• **SOURCE DATA**:
###

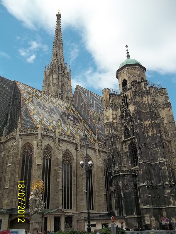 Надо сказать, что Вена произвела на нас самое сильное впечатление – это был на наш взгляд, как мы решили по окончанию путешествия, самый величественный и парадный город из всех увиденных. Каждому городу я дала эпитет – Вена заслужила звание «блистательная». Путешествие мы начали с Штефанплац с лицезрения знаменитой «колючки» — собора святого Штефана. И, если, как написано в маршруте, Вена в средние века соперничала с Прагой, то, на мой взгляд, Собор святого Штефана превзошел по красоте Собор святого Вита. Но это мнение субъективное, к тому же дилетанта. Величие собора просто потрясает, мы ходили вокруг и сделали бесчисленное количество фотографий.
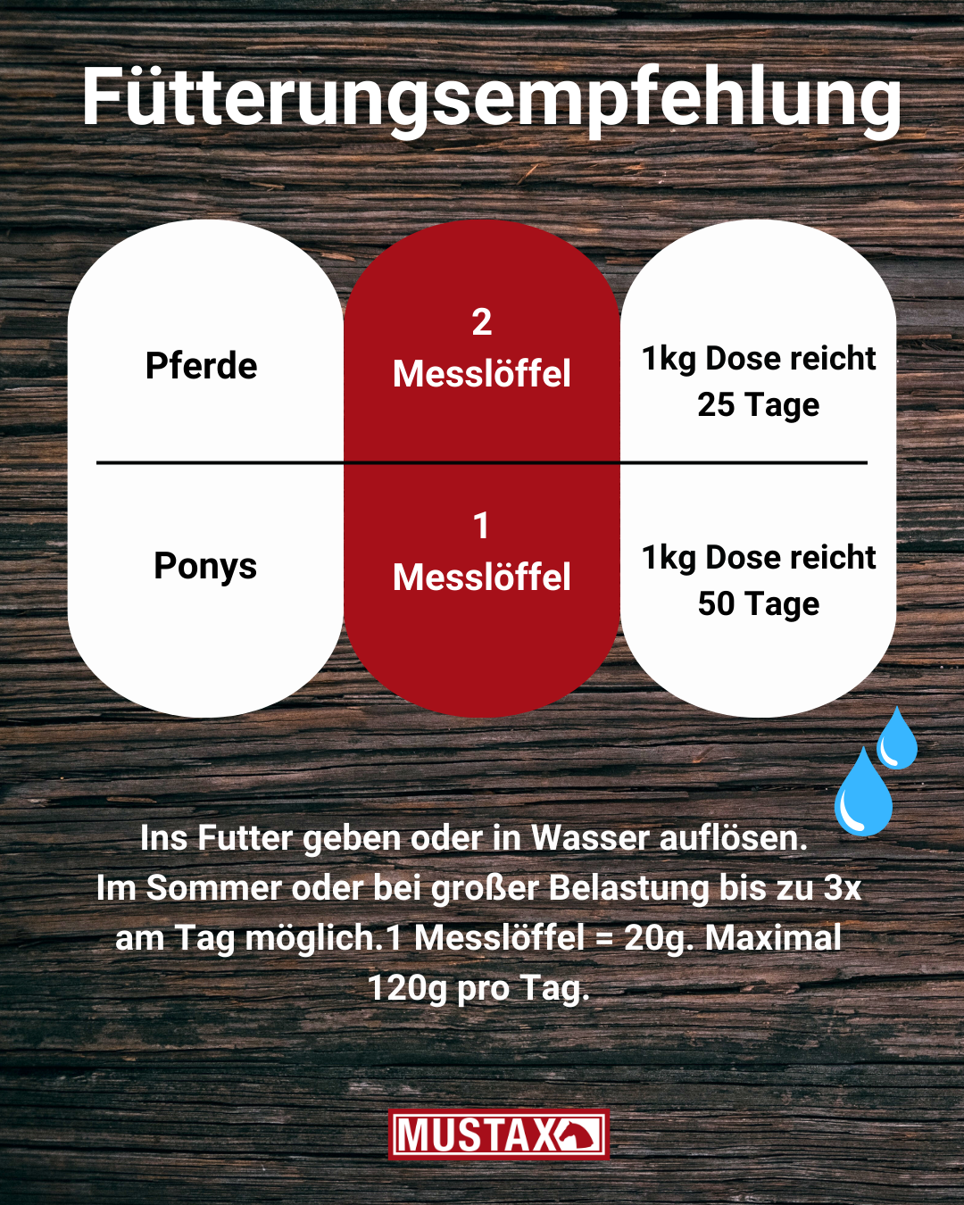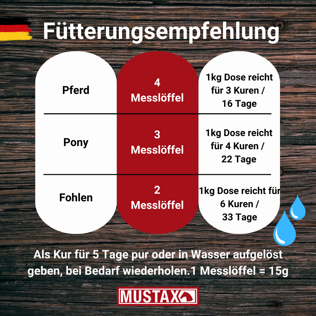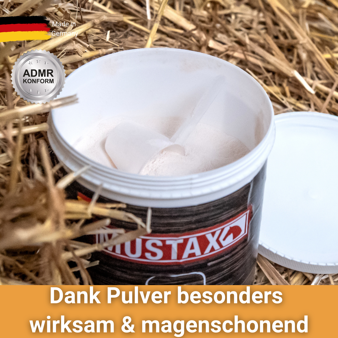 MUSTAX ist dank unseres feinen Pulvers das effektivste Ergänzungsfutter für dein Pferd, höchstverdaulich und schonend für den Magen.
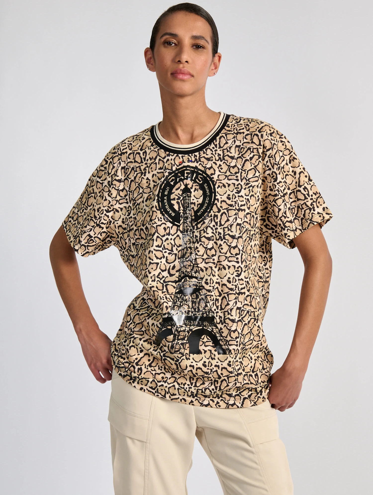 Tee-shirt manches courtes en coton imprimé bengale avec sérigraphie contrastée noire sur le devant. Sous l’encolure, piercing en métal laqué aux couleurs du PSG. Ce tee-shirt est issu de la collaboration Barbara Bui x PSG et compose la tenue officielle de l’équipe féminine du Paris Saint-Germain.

###

Find the line containing "MUSTAX ist dank", then extract it and every line after it to the end of the data above, exactly and nothing else, without pictures.

 MUSTAX ist dank unseres feinen Pulvers das effektivste Ergänzungsfutter für dein Pferd, höchstverdaulich und schonend für den Magen.
 Tee-shirt manches courtes en coton imprimé bengale avec sérigraphie contrastée noire sur le devant. Sous l’encolure, piercing en métal laqué aux couleurs du PSG. Ce tee-shirt est issu de la collaboration Barbara Bui x PSG et compose la tenue officielle de l’équipe féminine du Paris Saint-Germain.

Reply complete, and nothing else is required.